• **Brief**
Please return, exactly and only, the lines beginning at the top of the entries below and ending with the line containing "Neckline : StraplessShown"; keep out the pictures.

• **The data**
•••••

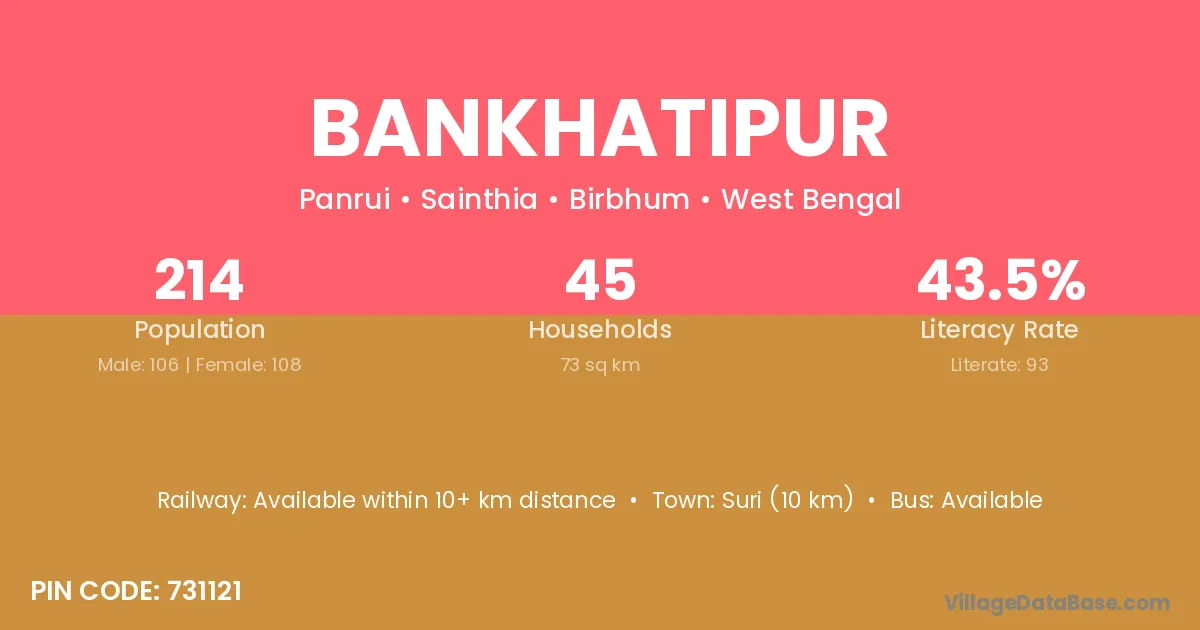 Suri (10 km) is the nearest town to Bankhatipur village for major economic activities and is located approximately 10 km away.
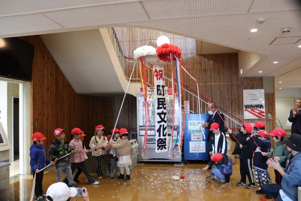 毎年恒例の、さくらこども園児によるくす玉割でオープン。
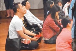 法会结束前,曹宇文拿随喜红包与璩美凤送给法师,她神情兴奋,不断露出天真甜美的招牌笑容。
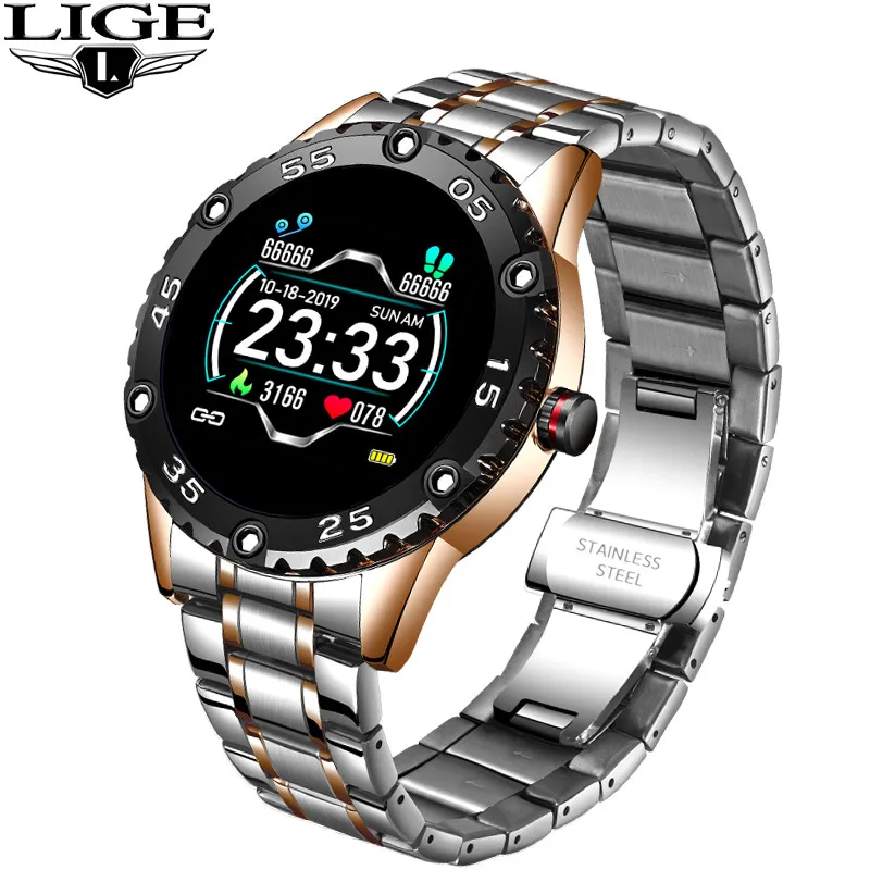 Смарт-часы LIGE мужские, водонепроницаемые, с браслетом из нержавею...
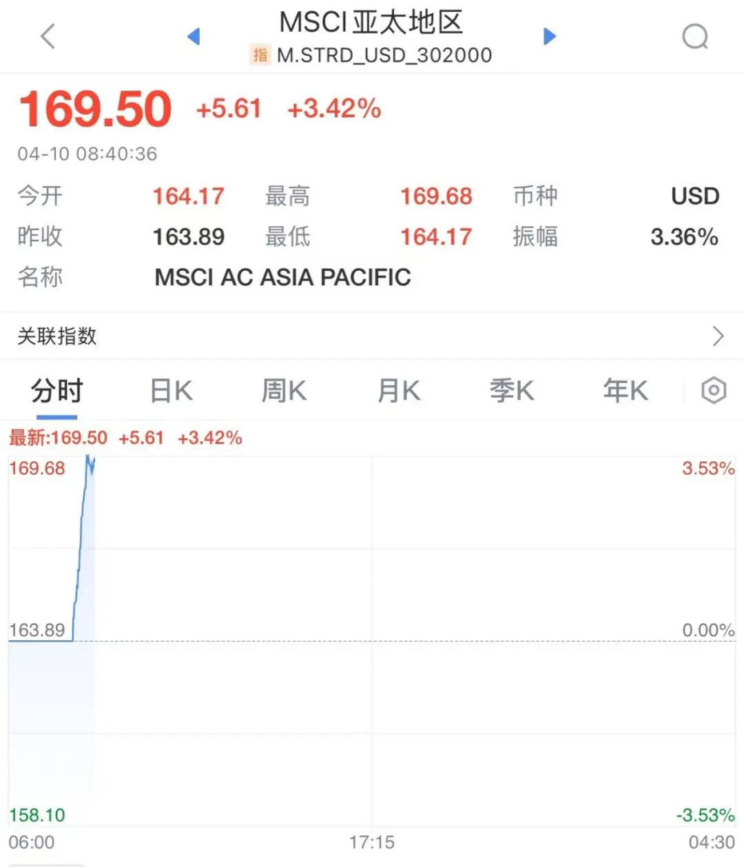 此外,MSCI亚太指数上涨3.42%至169.50点。
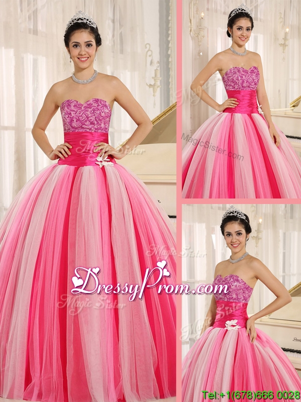Neckline : StraplessShown Color : Multi-colorSilhouette : Ball GownsSleeve Length : sleevelessHemline : floor lengthBack Detail : Lace upFabric : TulleEmbellishment : Hand Made FlowerOccasion : Graduation,Military Ball,Sweet 16,QuinceaneraSeason : Spring,Summer,Fall,Winter
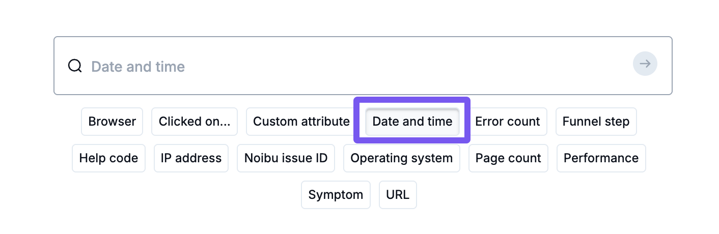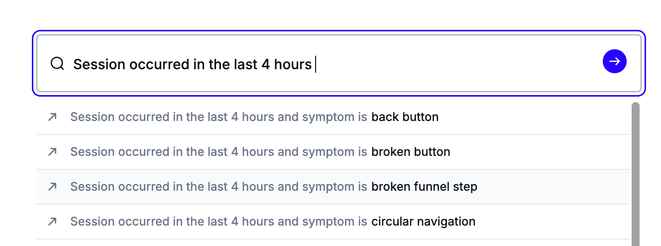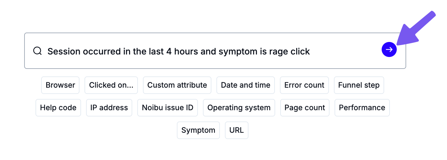 Combine multiple pills, or type in the search box to refine your search query. For example, selecting "Occurred In the last 4 hours" and "Symptom Is Rage Click" will find sessions that occurred within the last 4 hours and involved rage clicks.
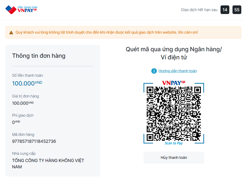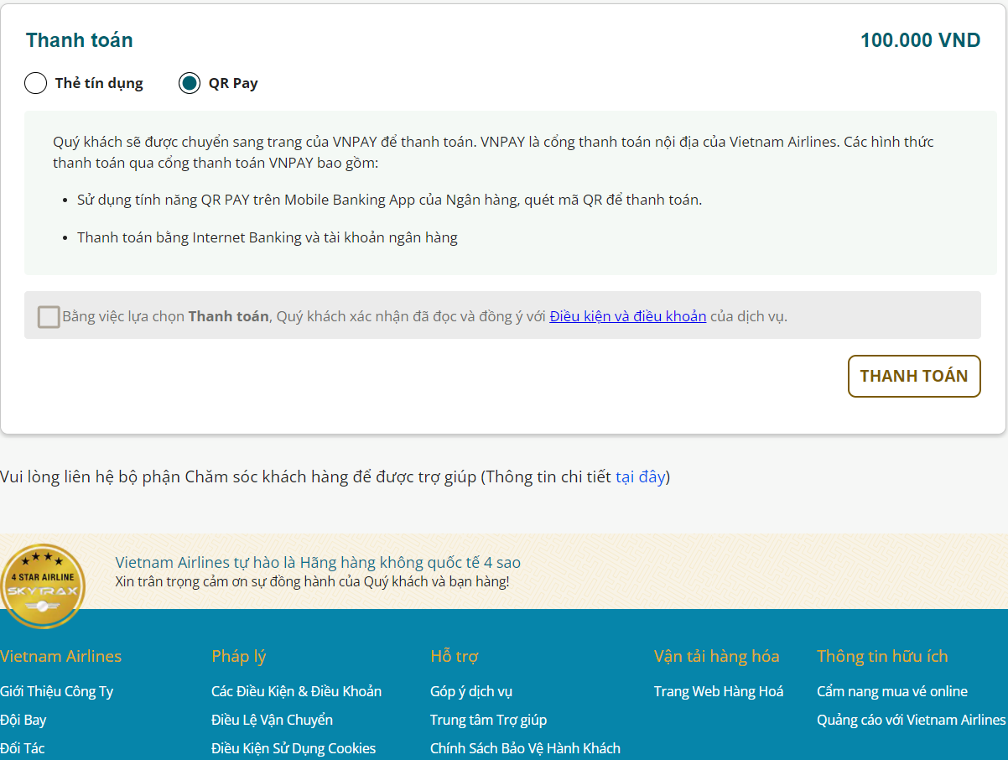 Bước 3: Khách được dẫn sang trang thanh toán để thực hiện thanh toán.
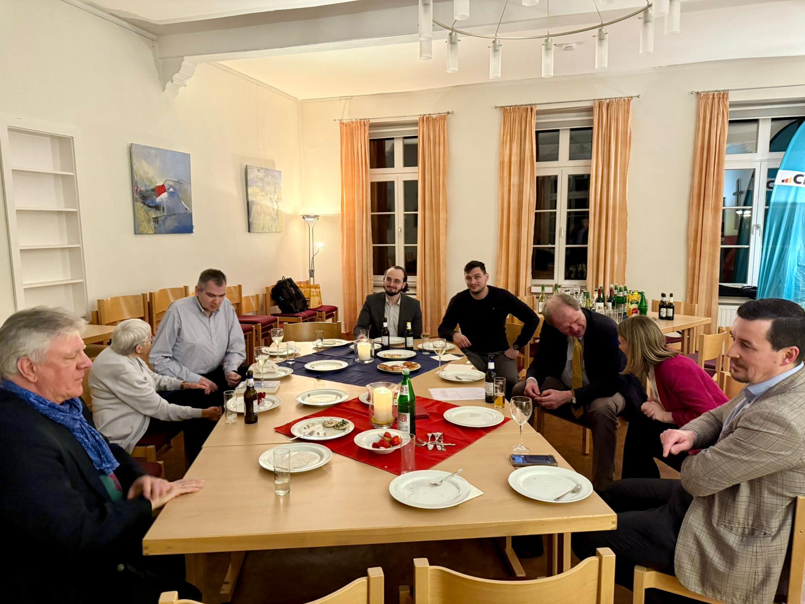 Im Rückblick wurde deutlich, wie der EAK seit seiner Reaktivierung im September 2023 daran arbeitet, Brücken zwischen Kirche, Politik und Gesellschaft zu bauen und evangelische Perspektiven innerhalb der Partei sichtbar zu machen. Während zwei Jahren intensiver Aufbau- und Vernetzungsarbeit wurden zahlreiche Kontakte und Gesprächskanäle wieder reaktiviert oder neu aufgebaut, beispielsweise zu den Superintendenten der drei Kirchenkreise im Rhein-Sieg-Kreis sowie zu Interessensgruppen und möglichen Kooperationspartnern wie dem EAK Bonn, dem Diakonischen Werk Bonn und Region, der Gesellschaft für Christlich-Jüdische Zusammenarbeit oder dem Bundespolizei-Standort Hangelar. Vor dem Hintergrund gemeinsamer Herausforderungen von Kirche und Partei unterstrich die Aussprache die Bedeutung eines engagierten Evangelischen Arbeitskreises im Rhein-Sieg-Kreis. Besonders hervorzuheben sind zwei erfolgreich durchgeführte Weihnachtsempfänge im Melanchthonhaus in Swisttal-Buschhoven, die jeweils mit einem Gottesdienst in der Versöhnungskirche mit Andachten von Pfarrerin Elisabeth Berg, die den EAK sehr stark unterstützt, begannen. Zudem fand im November 2025 eine Buchvorstellung von Notfallseelsorger Albrecht Roebke in der Dollendorfer Bücherstube in Königswinter statt.
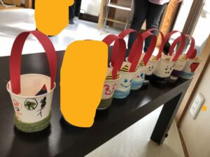 紙コップと毛糸を使い、鬼モチーフの飾りをみんなで作りました☆
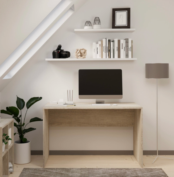 Escritorio de madera con estantes flotantes blancos. Espacio funcional y ordenado, ideal para trabajar desde casa con estilo.
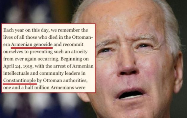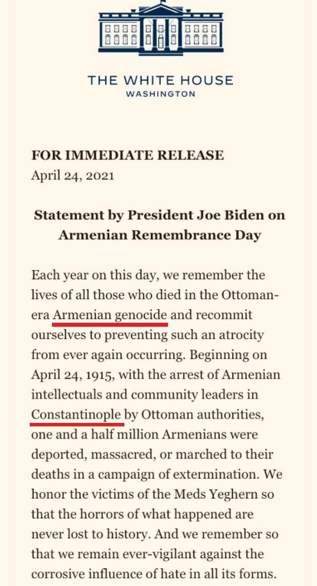 Στο ιστορικό μήνυμά του το Σάββατο 24/04/21 ο Τζο Μπάιντεν, με το οποίο κατά παγκόσμια παραδοχή αναγνώρισε τη Γενοκτονία των Αρμενίων πριν 106 χρόνια από την Οθωμανική Αυτοκρατορία, εξαπέλυσε ακόμα ένα ισχυρό πλήγμα στην Τουρκία, που επισκιάστηκε σε πρώτη ανάγνωση λόγω του αρμενικού ζητήματος. Ποιο είναι αυτό; Ο Αμερικανός πρόεδρος αναφέρθηκε σε Κωνσταντινούπολη (Constantinople) και όχι «Ιστανμπούλ».
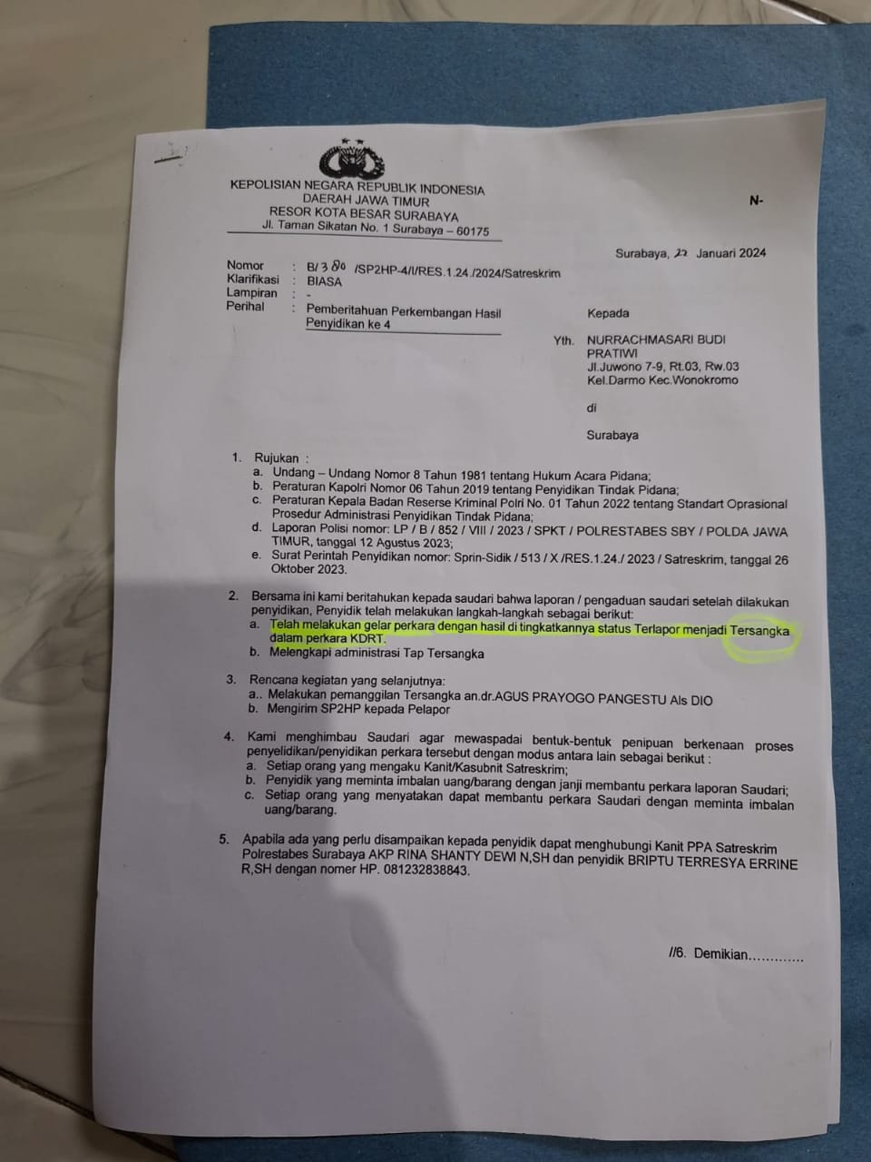 Dari berbagai data yang diperoleh, Polisi pun telah mengirimkan Surat Pemberitahuan Dimulainya Penyidikan (SPDP) ke Kejaksaan Negeri Surabaya, Dengan nomor B/528/X/RES.1.24/2023/Satreskrim Pada 27 Oktober 2023, Serta dalam Surat Pemberitahuan Perkembangan Hasil Penyidikan (SP2HP) ke 4, Sebagaimana hasil gelar perkara bahwa status terlapor ditingkatkan menjadi Tersangka dalam perkara KDRT.

•••••

• **Exercise response**
 Suri (10 km) is the nearest town to Bankhatipur village for major economic activities and is located approximately 10 km away.
 毎年恒例の、さくらこども園児によるくす玉割でオープン。
 法会结束前,曹宇文拿随喜红包与璩美凤送给法师,她神情兴奋,不断露出天真甜美的招牌笑容。
 Смарт-часы LIGE мужские, водонепроницаемые, с браслетом из нержавею...
 此外,MSCI亚太指数上涨3.42%至169.50点。
Neckline : StraplessShown Color : Multi-colorSilhouette : Ball GownsSleeve Length : sleevelessHemline : floor lengthBack Detail : Lace upFabric : TulleEmbellishment : Hand Made FlowerOccasion : Graduation,Military Ball,Sweet 16,QuinceaneraSeason : Spring,Summer,Fall,Winter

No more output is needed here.